SL: You need to understand that a couple of years ago there were only just five or ten of the early adopters on this algo trading market in the whole world. They were able to build everything themselves and the reward was high because there were no offerings really on the market. But now, companies such as QuantHouse exist and it’s getting more and more complex for clients to deal with this kind of technology themselves. Just for market data with our QuantFEED product line, we are looking at around 40 or 45 exchanges here at QuantHouse and we have an average of one to two major changes every week to manage, whether it’s a protocol change from the exchange, an infrastructure change from the exchange, a data center move from the exchange, a symbology modification from the exchange, or whatever.
And when I say more and more complex to maintain, it’s not only at the infrastructure level but also at the software level. So the cost to enter this market, if you want to build it yourself, is getting higher and higher.

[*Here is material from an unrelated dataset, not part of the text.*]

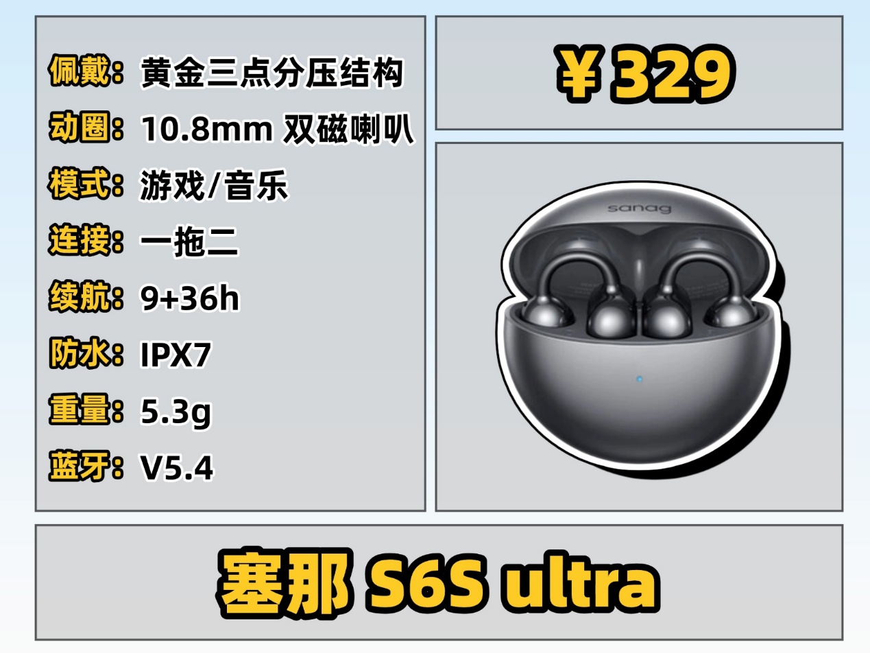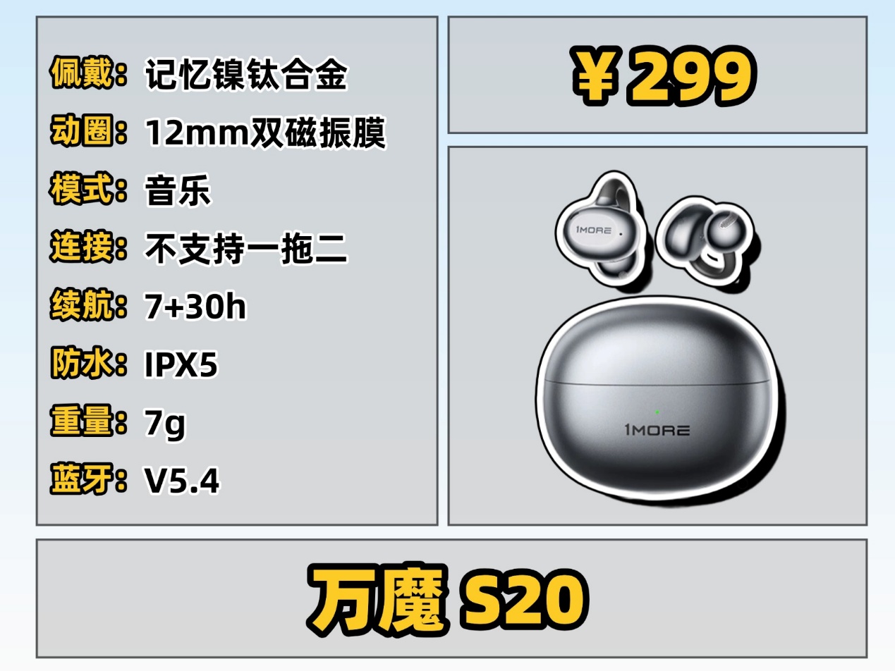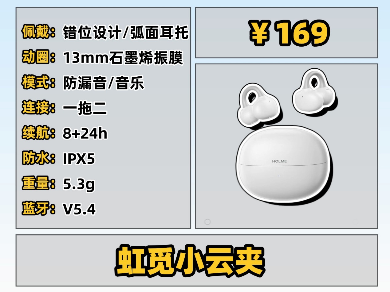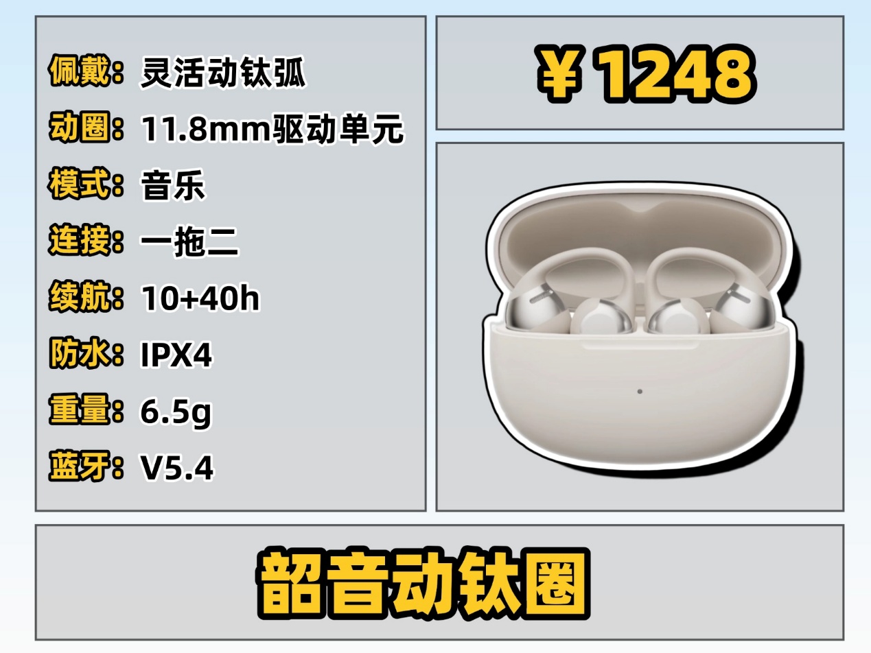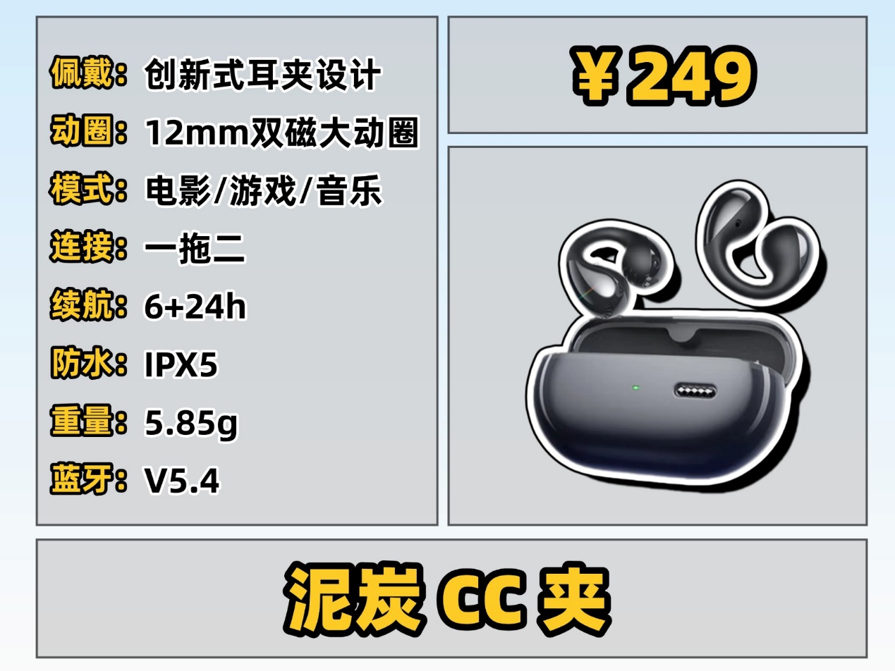 这类耳机主打佩戴体验,采用人体工学设计,耳夹力度适中、重量轻盈,长时间佩戴无压迫感,运动时也不易滑落,适合经常戴耳机、运动爱好者,或者耳朵比较敏感的朋友。

One of the key values we offer to new entrants, or to clients who want to just change their business model, is that we allow them to have the latest performance in terms of technology, without the burden of developing it and maintaining it. The total cost of ownership includes the cost of development, the cost of maintenance, the cost of infrastructure and all sorts of other associated costs. And if you add to that all the connectivity costs the different exchanges are asking you to pay for, at the end of the day it runs into millions. This, together with the accelerated time to market, favors the buy versus build approach. This is the reason why a lot of clients are coming to us to help them to out-task their existing technology, so they are able to allocate their existing precious resources and people on value added services.
HFTR: Thank you Stephane.
In his role as Global Head of Sales and Marketing at Quant House, Stephane Leroy is responsible for developing and executing the company sales and marketing strategies. Before joining QuantHouse, Leroy was Area Manager for BT Radianz where he established and developed the BT Radianz activity since its formation in 2000 throughout Continental Europe. Mr. Leroy began his career in 1992 at Borland, where he held several marketing positions. He then joined AT&T Global Information Solutions France as a marketing and sales manager. He moved later on to NCR Global Services (formerly called AT&T Global Information Solutions) to become the Head of Global Account Sales for Europe. Leroy divides his time between the U.K., the US and Continental Europe. Mr Leroy holds a Master of Computer Science Engineering and Mathematics from ESME/SUDRIA of Paris. He holds also a Master of Strategic Marketing from HEC Paris.